Light Pipe
Light Pipe
An optical phenomenon describing washed-out windows in fashioned diamonds and coloured stones where light escapes the pavilion rather than returning to the eye
The term light pipe denotes a specific optical defect observed in fashioned diamonds and certain coloured stones, in which a portion of incident light passes straight through the pavilion and exits the back of the gem rather than being internally reflected and returned through the crown. The result, viewed face-up, is a washed-out, glassy zone, often appearing as a darker or paler window in the centre of the table. To the trained eye it is one of the most reliable indicators that a stone has been cut for weight retention rather than optical performance.
Cause and geometry
Light piping is fundamentally a failure of total internal reflection. When a ray strikes a pavilion facet at an angle shallower than the critical angle for that material, it refracts out of the stone instead of reflecting back. In diamond, with a refractive index of 2.417, the critical angle is approximately 24.4 degrees, granting cutters considerable latitude. In quartz, refractive index 1.55, the critical angle is roughly 40 degrees, which is why poorly proportioned amethyst and citrine often display pronounced windows. The shallower the pavilion, the larger the central area through which light pipes.

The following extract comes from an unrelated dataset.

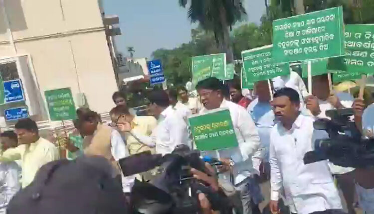 Holding placards, the BJD MLAs proceeded out of the House, breaking the barricades, and marched in a procession to the Ambedkar statue near AG Square, demanding 27 percent reservation for OBCs in education and jobs.
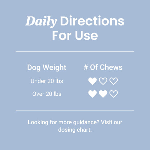 We recommend you give your dog these Soft Chews once a day or as needed. Here are the recommended serving suggestions based on your dog's weight:

Round brilliants with pavilion angles below approximately 40 degrees, and fancy shapes with shallow belly zones, are particularly prone. The phenomenon is most easily observed by tilting the stone slightly off-axis under a diffuse light source: the central window will dim and brighten in a manner inconsistent with the surrounding crown facets.
Trade significance
In the diamond trade the appearance of a light pipe is closely tied to the GIA cut grade. Stones graded Excellent rarely exhibit visible piping, while those falling into Good or Fair frequently do. Among coloured stones, where weight retention from rough often takes precedence over ideal proportions, light piping is endemic in commercial-grade aquamarine, kunzite, and tanzanite cut from elongated crystals. A gem that pipes light is, in trade parlance, said to have a fish-eye or to be windowed, and these terms are used interchangeably in many auction catalogues.
Recutting can sometimes close a window by deepening the pavilion, though only at meaningful weight cost. For a third-generation gem house the calculation is straightforward: a 3-carat aquamarine that pipes light may finish at 2.4 carats with a closed pavilion, but the resulting stone will trade at a multiple of the windowed price per carat.
Distinguishing terms
Light pipe should not be confused with extinction (the dark zones in coloured stones caused by light absorption) nor with the deliberate use of fibre-optic light pipes in instrumentation, which is an unrelated engineering term. In the gemmological literature the optical sense is the only one in active use.